── Data for this task ──

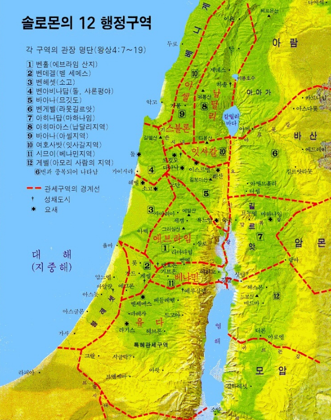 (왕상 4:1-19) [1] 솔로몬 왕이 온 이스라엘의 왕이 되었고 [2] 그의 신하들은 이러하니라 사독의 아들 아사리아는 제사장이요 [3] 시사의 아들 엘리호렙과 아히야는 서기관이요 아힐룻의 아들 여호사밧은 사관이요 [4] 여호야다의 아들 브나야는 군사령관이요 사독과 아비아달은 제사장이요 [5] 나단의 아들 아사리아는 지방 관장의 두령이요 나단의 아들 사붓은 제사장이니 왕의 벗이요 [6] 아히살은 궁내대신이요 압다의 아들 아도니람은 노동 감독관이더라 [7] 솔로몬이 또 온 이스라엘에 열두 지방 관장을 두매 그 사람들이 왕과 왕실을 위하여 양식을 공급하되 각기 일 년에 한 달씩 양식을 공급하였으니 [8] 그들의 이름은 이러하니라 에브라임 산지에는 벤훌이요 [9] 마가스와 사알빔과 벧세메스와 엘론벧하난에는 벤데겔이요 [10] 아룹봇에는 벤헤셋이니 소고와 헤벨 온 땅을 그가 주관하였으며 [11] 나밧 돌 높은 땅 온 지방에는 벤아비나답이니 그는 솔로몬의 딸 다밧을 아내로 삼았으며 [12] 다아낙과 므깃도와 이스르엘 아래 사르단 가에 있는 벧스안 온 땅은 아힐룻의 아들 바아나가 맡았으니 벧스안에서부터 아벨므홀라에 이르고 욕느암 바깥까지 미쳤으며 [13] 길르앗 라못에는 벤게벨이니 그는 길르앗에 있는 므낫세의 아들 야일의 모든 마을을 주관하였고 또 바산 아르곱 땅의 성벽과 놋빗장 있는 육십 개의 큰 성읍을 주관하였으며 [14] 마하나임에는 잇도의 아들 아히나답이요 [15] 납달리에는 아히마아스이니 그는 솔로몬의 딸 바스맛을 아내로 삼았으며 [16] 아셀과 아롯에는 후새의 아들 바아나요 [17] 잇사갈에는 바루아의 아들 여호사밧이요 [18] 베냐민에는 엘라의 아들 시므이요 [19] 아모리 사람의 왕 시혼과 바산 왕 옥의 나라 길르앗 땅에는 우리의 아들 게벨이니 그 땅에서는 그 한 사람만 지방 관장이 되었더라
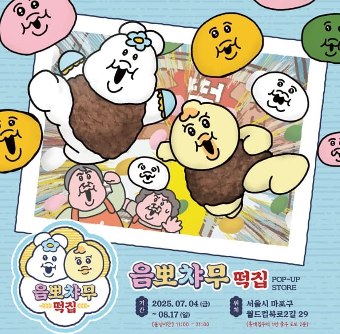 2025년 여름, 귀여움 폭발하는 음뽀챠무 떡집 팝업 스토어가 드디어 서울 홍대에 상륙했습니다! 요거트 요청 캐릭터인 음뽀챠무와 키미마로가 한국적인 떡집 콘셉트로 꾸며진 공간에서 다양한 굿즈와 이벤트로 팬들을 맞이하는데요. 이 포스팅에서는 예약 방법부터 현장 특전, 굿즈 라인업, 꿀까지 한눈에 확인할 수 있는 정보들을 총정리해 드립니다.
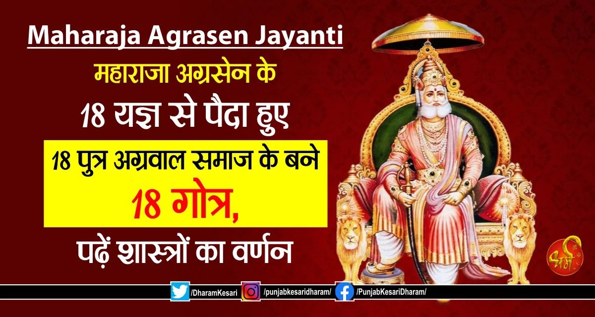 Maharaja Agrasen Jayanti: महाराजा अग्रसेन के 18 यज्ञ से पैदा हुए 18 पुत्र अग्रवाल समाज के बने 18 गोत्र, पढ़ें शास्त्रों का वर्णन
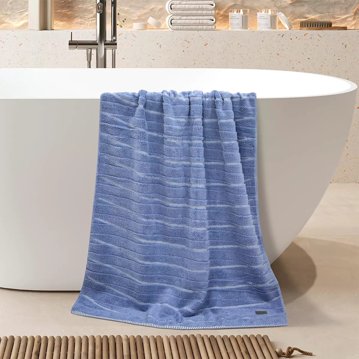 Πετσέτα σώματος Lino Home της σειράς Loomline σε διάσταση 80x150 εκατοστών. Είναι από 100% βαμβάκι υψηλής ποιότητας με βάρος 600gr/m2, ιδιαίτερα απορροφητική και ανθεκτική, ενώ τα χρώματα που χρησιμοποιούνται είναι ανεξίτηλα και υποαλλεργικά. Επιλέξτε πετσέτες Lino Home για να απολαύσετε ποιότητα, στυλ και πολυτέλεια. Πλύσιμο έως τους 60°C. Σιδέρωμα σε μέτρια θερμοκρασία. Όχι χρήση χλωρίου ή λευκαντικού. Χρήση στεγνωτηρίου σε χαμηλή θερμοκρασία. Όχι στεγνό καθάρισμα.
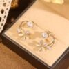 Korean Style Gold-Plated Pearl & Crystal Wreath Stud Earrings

───
── Data for this task ──

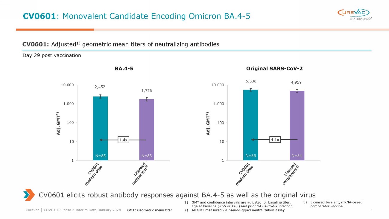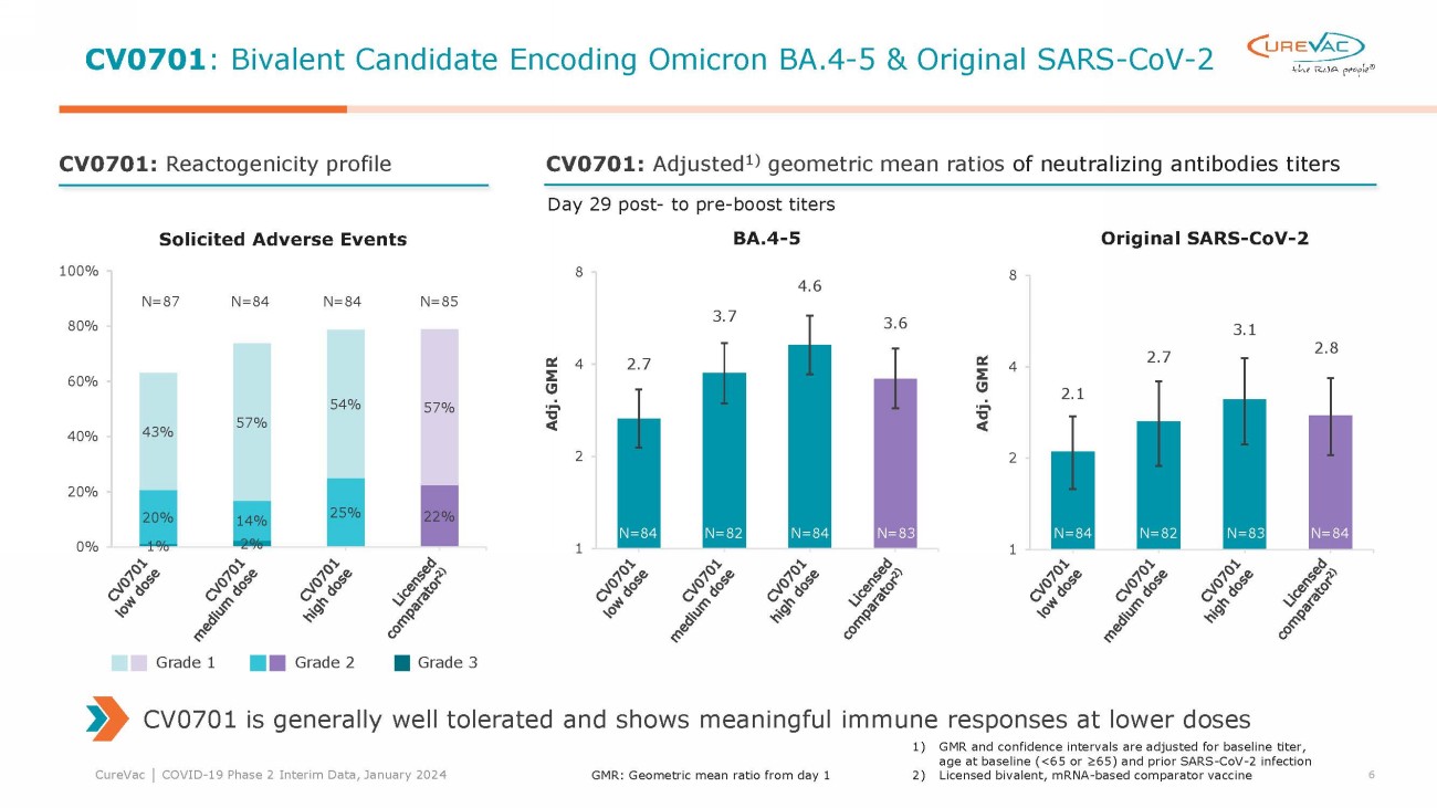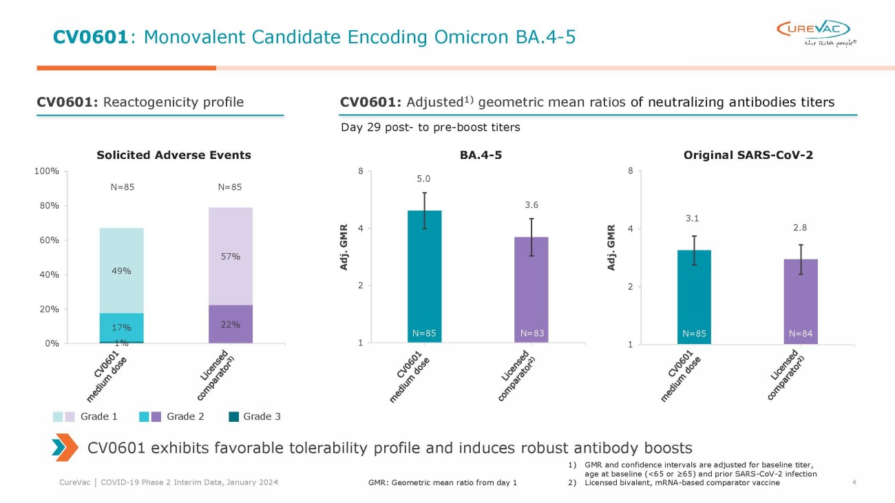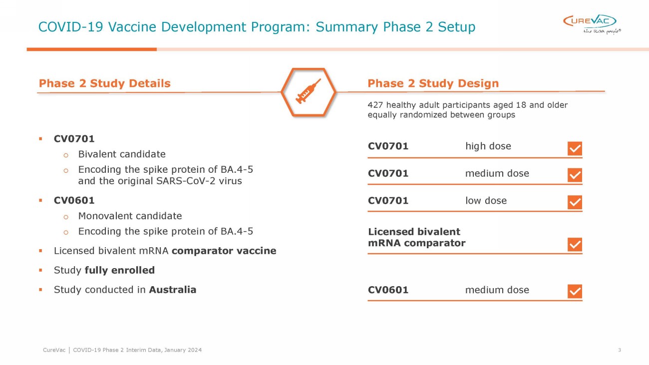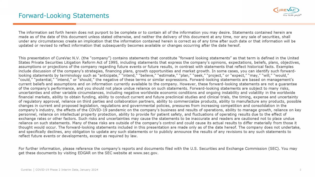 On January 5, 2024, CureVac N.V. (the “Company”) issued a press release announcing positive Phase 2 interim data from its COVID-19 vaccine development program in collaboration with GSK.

───

# About this task
After locating the line containing "2025년 여름, 귀여움" in the entries above, return it and every line after it exactly, ending at the line containing "Maharaja Agrasen Jayanti: महाराजा", without pictures.

# Response
 2025년 여름, 귀여움 폭발하는 음뽀챠무 떡집 팝업 스토어가 드디어 서울 홍대에 상륙했습니다! 요거트 요청 캐릭터인 음뽀챠무와 키미마로가 한국적인 떡집 콘셉트로 꾸며진 공간에서 다양한 굿즈와 이벤트로 팬들을 맞이하는데요. 이 포스팅에서는 예약 방법부터 현장 특전, 굿즈 라인업, 꿀까지 한눈에 확인할 수 있는 정보들을 총정리해 드립니다.
 Maharaja Agrasen Jayanti: महाराजा अग्रसेन के 18 यज्ञ से पैदा हुए 18 पुत्र अग्रवाल समाज के बने 18 गोत्र, पढ़ें शास्त्रों का वर्णन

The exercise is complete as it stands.